Stealing. Can we agree that stealing is an act that prejudices the victim, that it is wrong to take without knowledge or consent of the owner, that which rightfully belongs to them? Can we agree that stealing another’s material possessions, whether money, land, house, clothes, food or other items of value, is wrong and extends its damage beyond just its victims? Can we agree that we cannot maintain order or a peaceful way of life if stealing were tolerated? With killing, can we then add stealing as unacceptable to our common good?

Lying. Can we agree that lying is destructive to persons, to the community, or common understanding? Our agreements have to be commonly understood and commonly complied with. Lying fractures or distorts common understanding or agreement, and it can be personal or collective. When we do not understand something in common, we can then never agree on anything. Lying destroys relationships and erodes the very basis of understanding.

Grounding ourselves on shared values or understanding is fundamental to societal life’s survival. Without that, it will be a superior force over others, the strong over the weak, chaos over order. The era of the alpha ape, the caveman, the Neanderthals, and the bloodthirsty savage is over.

Or, if it is not, then we can agree to be barbarians again and forget all common sense and common order. That way, those who survive the carnage can then begin to sit down again and discuss possibilities. Most of all, we agree not to tolerate killing, stealing, and lying.

“Grounding ourselves on shared values or understanding is fundamental to societal life’s survival.

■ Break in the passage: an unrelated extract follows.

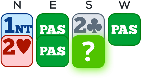 Her iki majörde de 4 kart varken iki farklı çözüm bulunuyor: 2NT diye cevap vererek 4 tane ve 4 tane gösterebilirsin (bu Funbridge’de varsayılan çözümdür) veya 2 diye cevap vererek körlerle başlayabilirsin, (başlangıç modülünde bu çözüm öneriliyor).

Without that, it will be a superior force over others, the strong over the weak, chaos over order.”

Only when there is so much blood spilled do people often come to their senses? In many societies whose members had become so fractured and antagonistic with one another, especially if two competitive sides can never get along and drag everyone else with them, civil wars had been the final judge. They had been fighting ahead because of partisanship. Not with principles they share, but with the choice of personalities to follow.

Following personalities had become important enough for good people to turn bad, honest people to turn liars, and peaceful people to turn violent. Worst of all, intelligent people turn stupid.

Reconciliation starts among partisans again choosing to agree, not to be friends with one another, but to be loyal to what is very important to them. Not to kill, not to steal, not to lie. When feuding parties decide that protecting life is more important than killing it, that keeping and enjoying one’s possessions is more important than having it stolen, that accepting reality is more important than denying or distorting it, that is reconciliation.

“There is no other reconciliation, by the way. Any different kind is simple politicking, insidious sugarcoating exploiting the exasperation and frustration of the poor about the greedy, ambitious, and powerful warring parties.”

Because people live and then die because personalities come and then go, but life stays, in our children and grandchildren and more generations to come. Because possessions remain essential to those, who own them, whoever the owners may be. Because reality becomes history, therefore, it becomes the basis of our identity. What is more important is what can be more permanent and beneficial to many communities and society, and we would do well to reconcile with that.

Reconciling with personalities becomes natural and more manageable when we have not killed one another, when we have not stolen from one another, and when we have not lied to one another. Reconciling with fundamental agreements that keep society intact and our families safe in peaceful coexistence is steadfast and enduring. If this is the reconciliation that candidates will dedicate their lives to happen, they are worth our while.

There is no other reconciliation, by the way. Any different kind is simple politicking, insidious sugarcoating, exploiting the exasperation and frustration of the poor about the greedy, ambitious, and powerful warring parties. That reconciliation will last exactly until the next killing, the next theft, the next lie.